You see, imports aren’t just the reward for production. Imports also enable exponentially greater production by the people in any country importing. Imports signal labor being divided up, and labor divided amounts to labor specialization. Translated for those a bit slow on the uptake, labor specialization is the embodiment of economic growth. When we’re doing what we do best, which is what imports enable, we’re much more productive. Last this writer checked, strong military forces are made possible by economic growth. By seeking to meet the needs of the world, China will, if successful, strengthen the economies of countries not China.

Pottinger added that Xi Jinping (the CCP’s General Secretary) is the mastermind behind “China’s” strategy of making the world dependent on it. In Pottinger’s words, “Mr. Xi has issued guidance, institutionalized this month by his rubber-stamp parliament, that he’s pursuing a grand strategy of making China independent of high-end imports from industrialized nations while making these nations heavily reliant on China for high-tech supplies and as a market for raw materials.”

Of course, missed by Pottinger is that in describing Mr. Xi, he’s plainly describing central planning by a politician who, like all politicians, is constrained by the known. It hasn’t occurred to Pottinger that the strategy pursued by Mr. Xi, if real, will cause China’s economy to sputter, and eventually contract. Indeed, “high-end imports” is very much a moving target. As the Rosenhaus example reveals (among millions of others reveals in blindingly obvious fashion), what’s high-end today will almost certainly not be advanced tomorrow. Translated yet again for those slow on the uptake, if “China” were pursuing what Pottinger believes, its economy would be on the verge of staggering decline to reflect forced investment of precious resources in the past.
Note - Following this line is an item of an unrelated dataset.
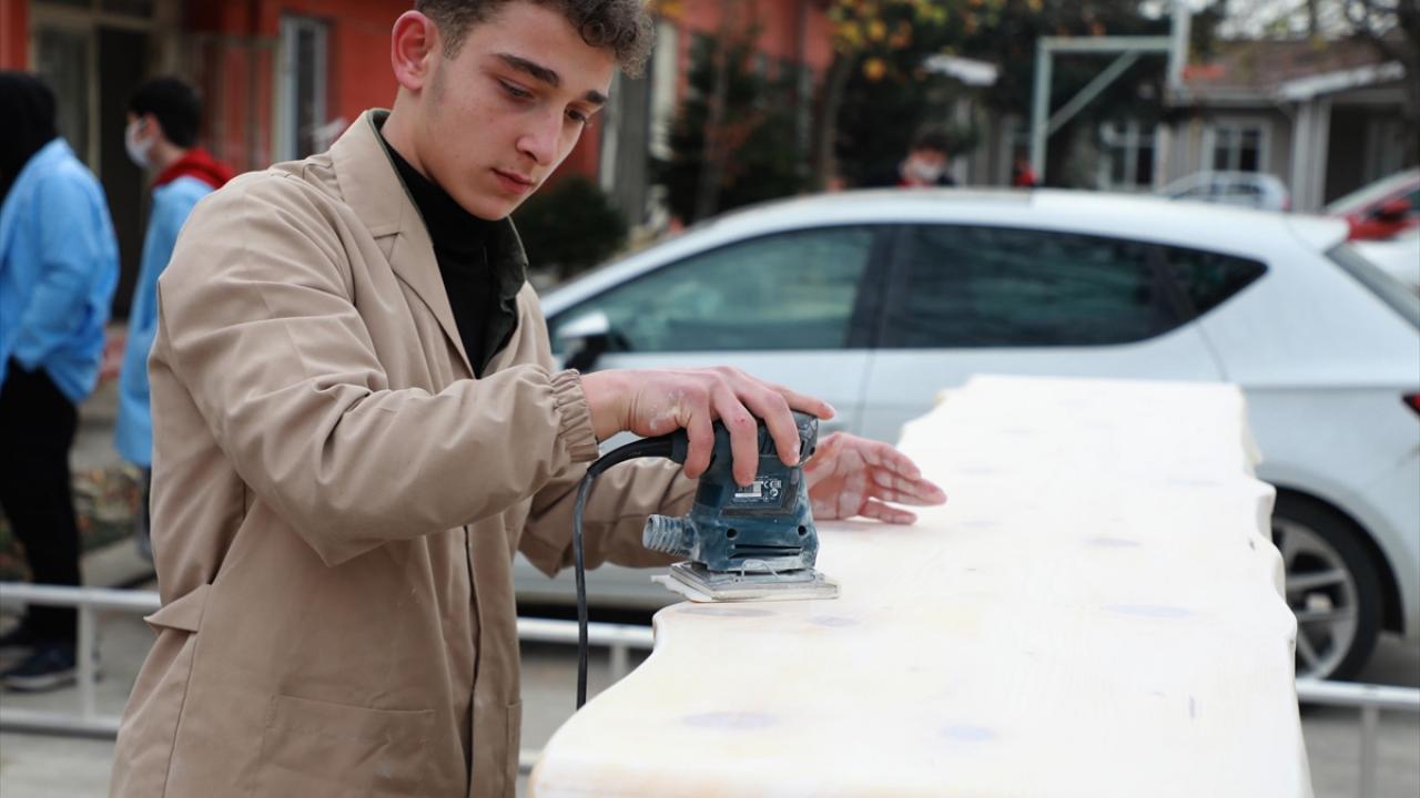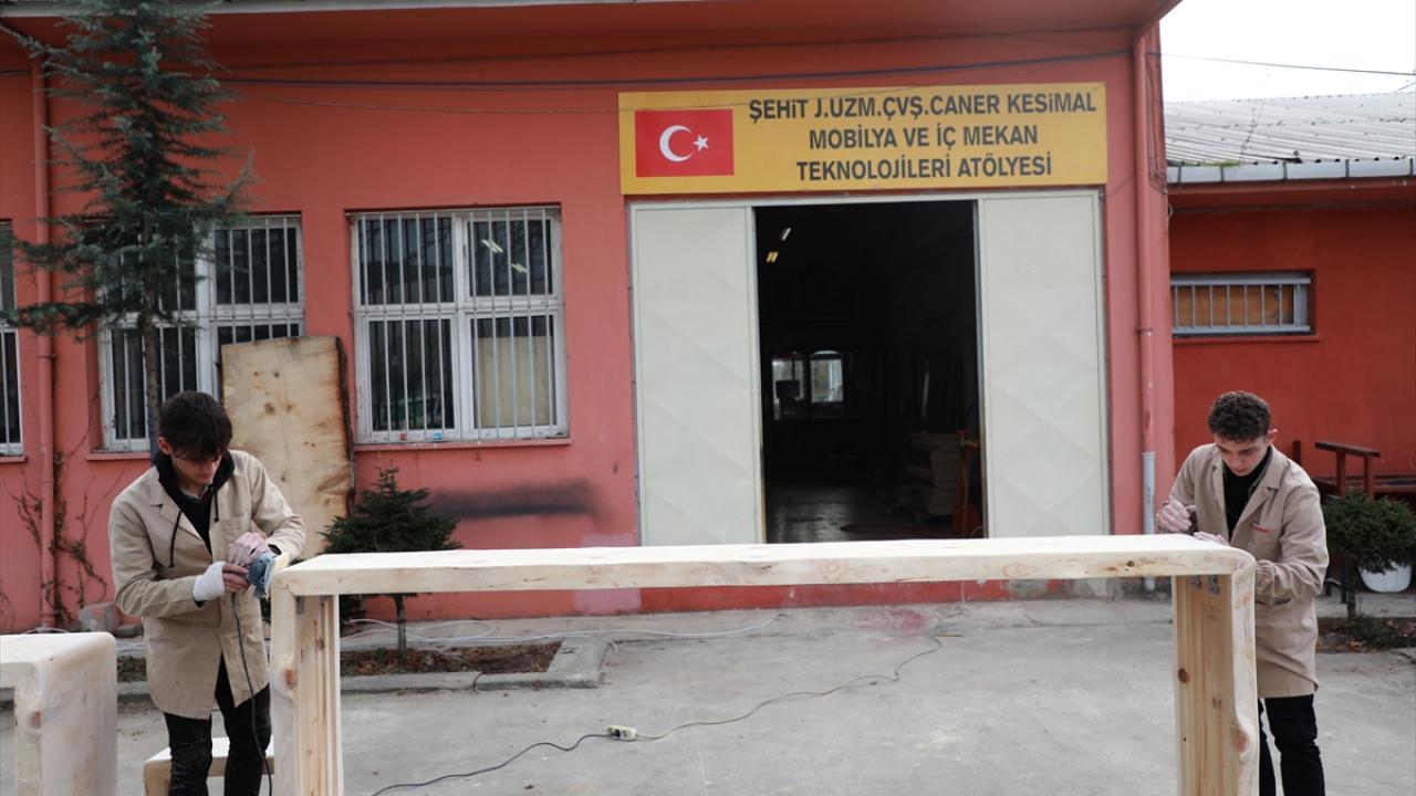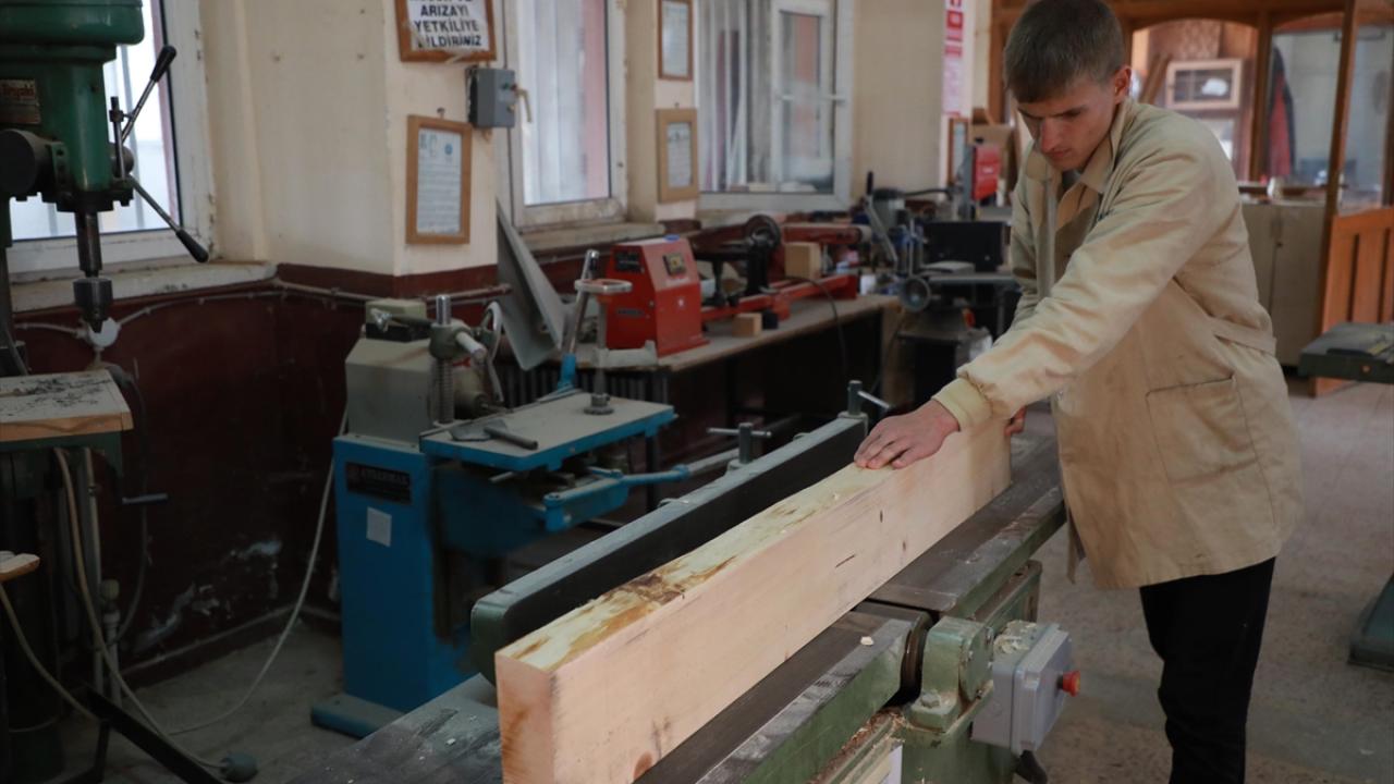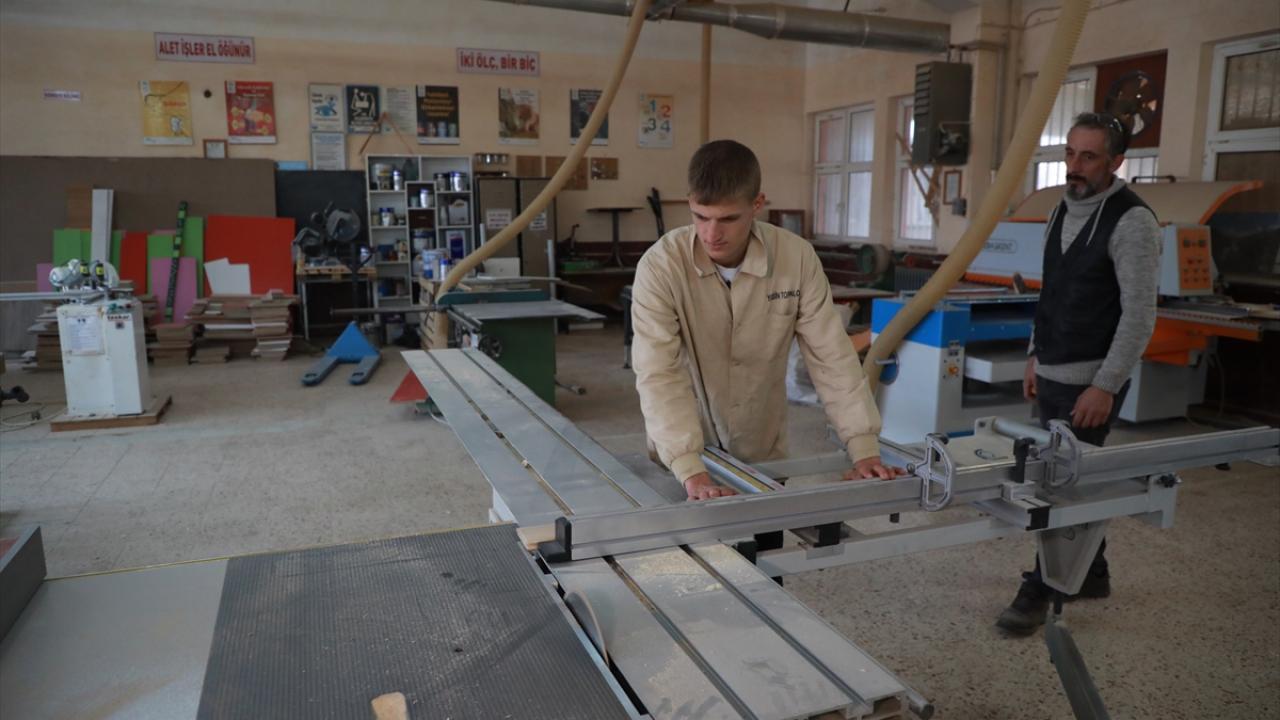 Bu doğrultuda Bakanlık ve iş insanlarınca mobilya bölümündeki ekipmanların yenilendiği okulda öğrenciler, masa, dolap gibi eşya üretimine başladı.

Important about the previously expressed truism is that Pottinger’s suspicions are likely incorrect. If not, as in Pottinger were correct, stock markets in China and the U.S. would presently be retreating in sickening fashion right now to reflect China’s looming decline born of central planning. You see, the happy truth not expressed by Pottinger is that China seeks to meet the needs of the world precisely because its people seek the world’s plenty. In other words, China is a huge market for the U.S.’s greatest companies as a direct consequence of the world more and more on goods produced in China.

Which explains a happier truth not understood by Pottinger. China’s success redounds to American companies, and so will American success to redound to the Chinese. Work divided endlessly lifts those lucky enough to be able to divide it.

In short, what scares Pottinger should excite those who desire economic growth and progress. Though China has demerits, its people want to acquire the world’s plenty in the way Americans long have. Their economic yearnings will logically lift the U.S. through the very imports that Pottinger views as a threat, but that relentlessly push Americans to higher levels of specialization.